═══ Data to examine

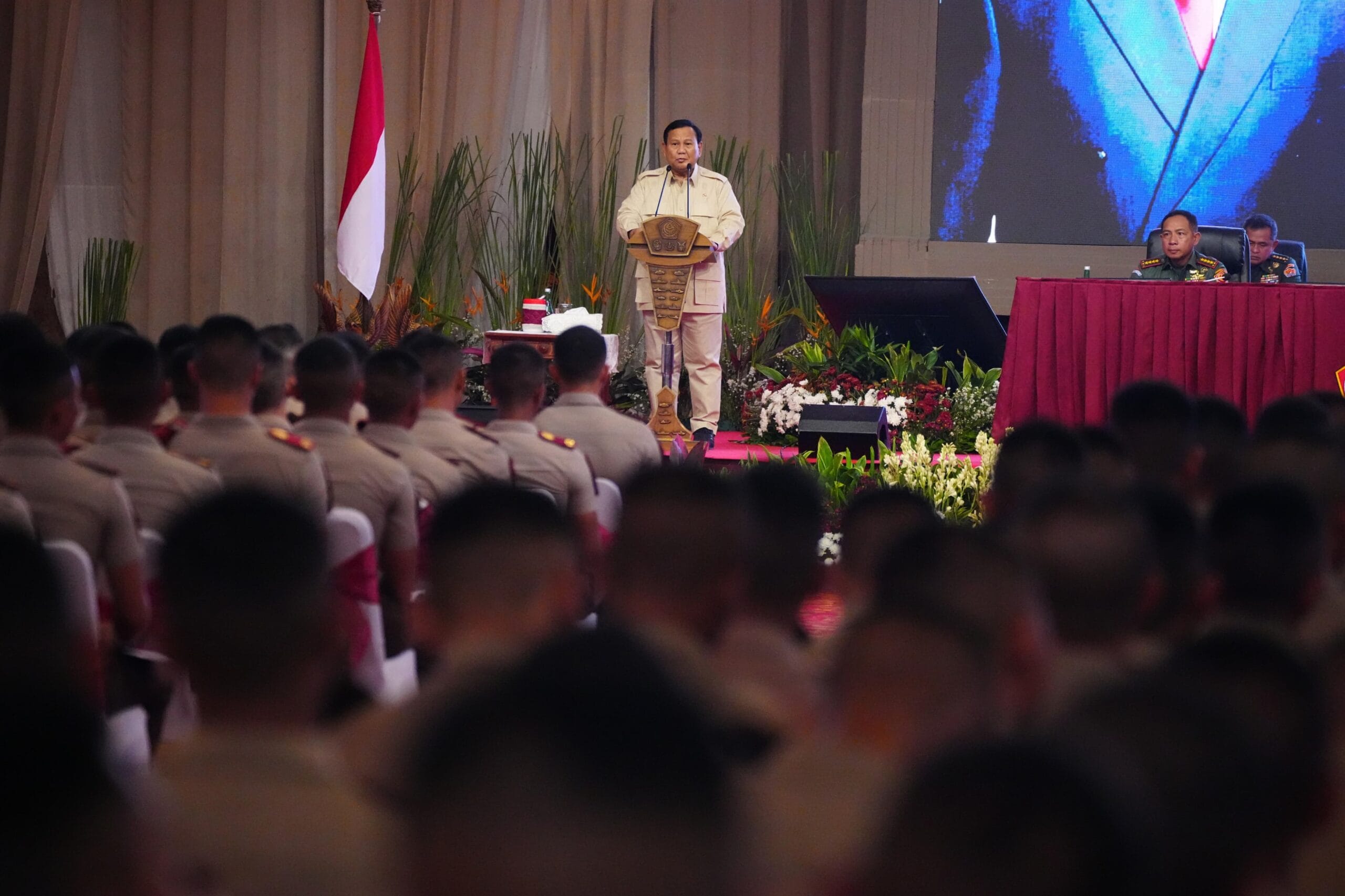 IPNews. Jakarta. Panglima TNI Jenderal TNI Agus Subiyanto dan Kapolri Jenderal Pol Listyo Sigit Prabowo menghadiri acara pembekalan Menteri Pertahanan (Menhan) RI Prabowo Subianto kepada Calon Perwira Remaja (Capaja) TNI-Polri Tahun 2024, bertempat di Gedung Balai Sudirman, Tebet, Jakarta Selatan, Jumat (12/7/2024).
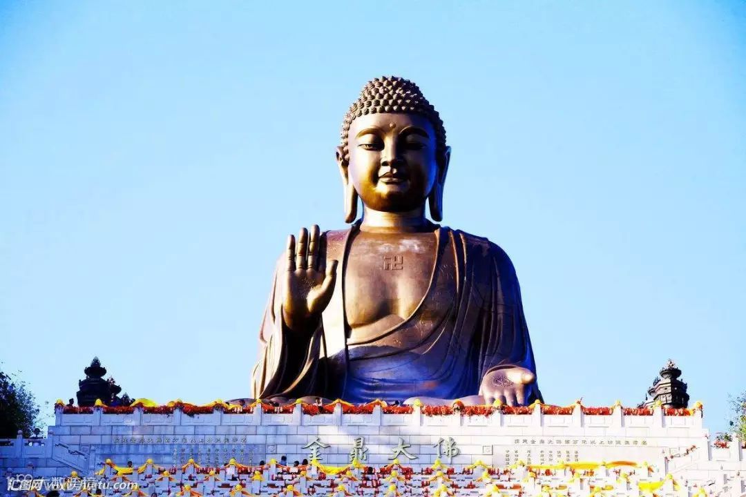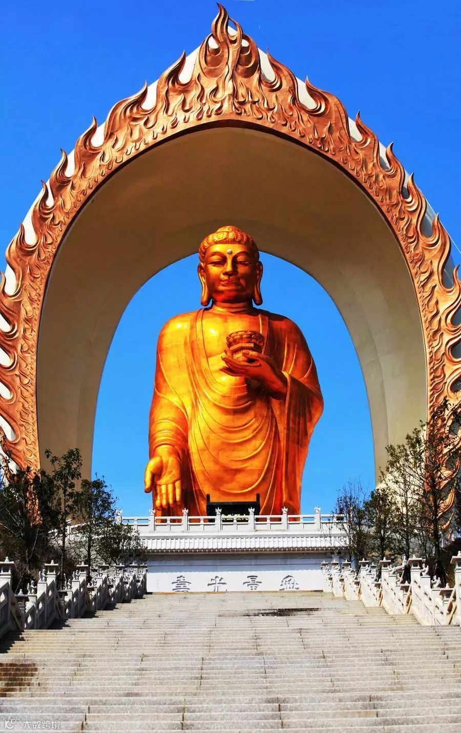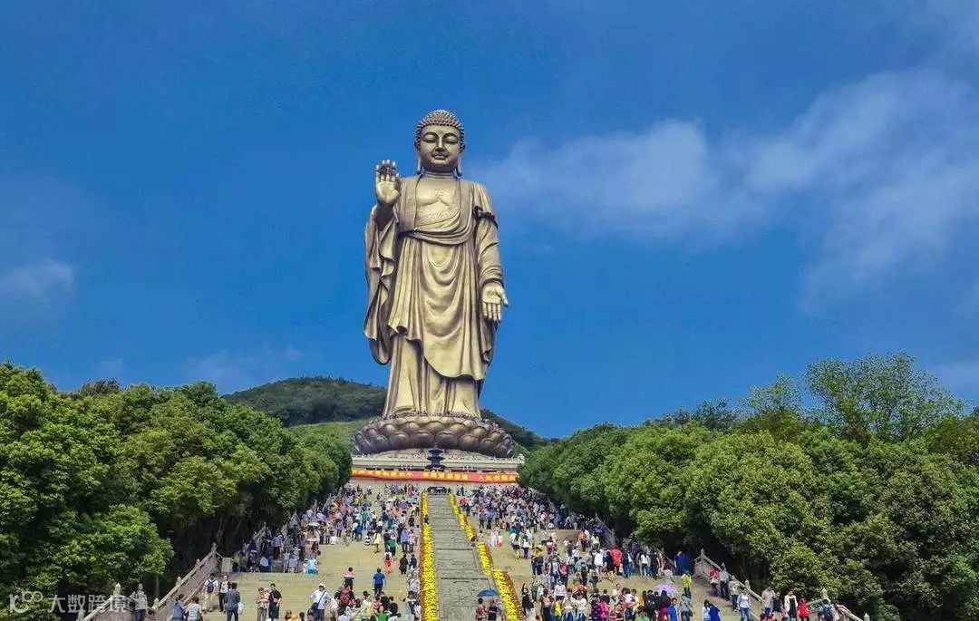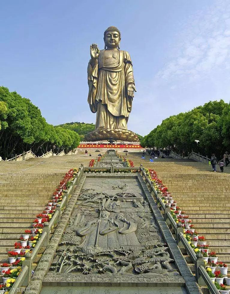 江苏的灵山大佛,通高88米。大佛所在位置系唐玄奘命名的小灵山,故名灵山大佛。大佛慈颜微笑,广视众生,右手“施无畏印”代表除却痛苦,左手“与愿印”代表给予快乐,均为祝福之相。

══════
═══ Data to examine

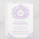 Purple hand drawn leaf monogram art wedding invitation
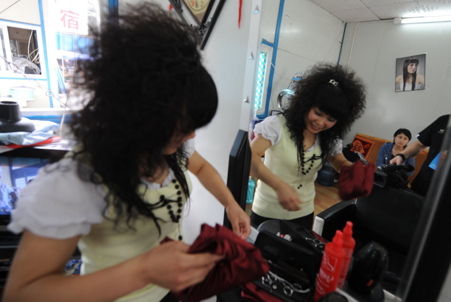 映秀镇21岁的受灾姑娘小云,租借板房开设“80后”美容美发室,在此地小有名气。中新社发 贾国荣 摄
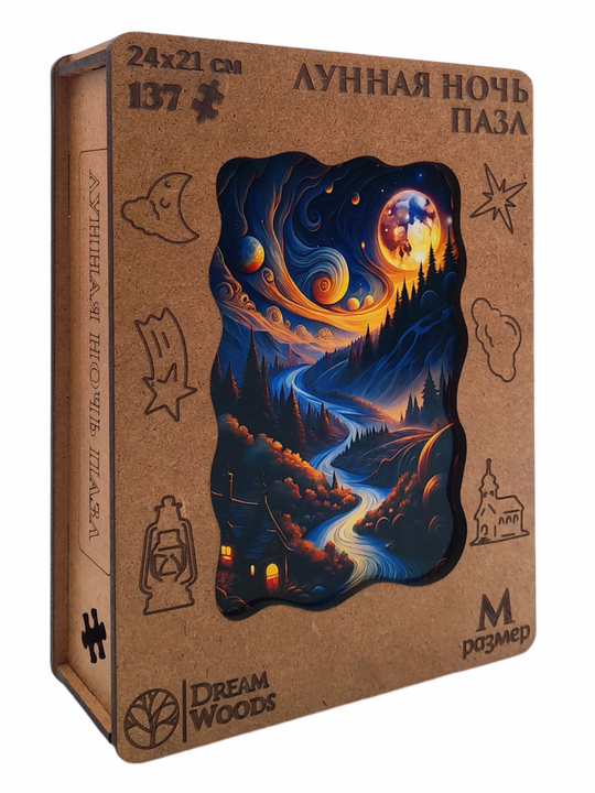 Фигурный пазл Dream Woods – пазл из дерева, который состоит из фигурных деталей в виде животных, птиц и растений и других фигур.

══════
═══ Data to examine

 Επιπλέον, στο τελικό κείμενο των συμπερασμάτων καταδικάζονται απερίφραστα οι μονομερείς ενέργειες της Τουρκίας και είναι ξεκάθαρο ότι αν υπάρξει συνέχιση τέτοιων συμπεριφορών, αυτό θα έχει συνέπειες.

══════

Aim of the task. Retype only the lines above from the one with "IPNews. Jakarta. Panglima" through the one with "江苏的灵山大佛,通高88米。", exactly and with both ends. Images stay out.

Exercise output.
 IPNews. Jakarta. Panglima TNI Jenderal TNI Agus Subiyanto dan Kapolri Jenderal Pol Listyo Sigit Prabowo menghadiri acara pembekalan Menteri Pertahanan (Menhan) RI Prabowo Subianto kepada Calon Perwira Remaja (Capaja) TNI-Polri Tahun 2024, bertempat di Gedung Balai Sudirman, Tebet, Jakarta Selatan, Jumat (12/7/2024).
 江苏的灵山大佛,通高88米。大佛所在位置系唐玄奘命名的小灵山,故名灵山大佛。大佛慈颜微笑,广视众生,右手“施无畏印”代表除却痛苦,左手“与愿印”代表给予快乐,均为祝福之相。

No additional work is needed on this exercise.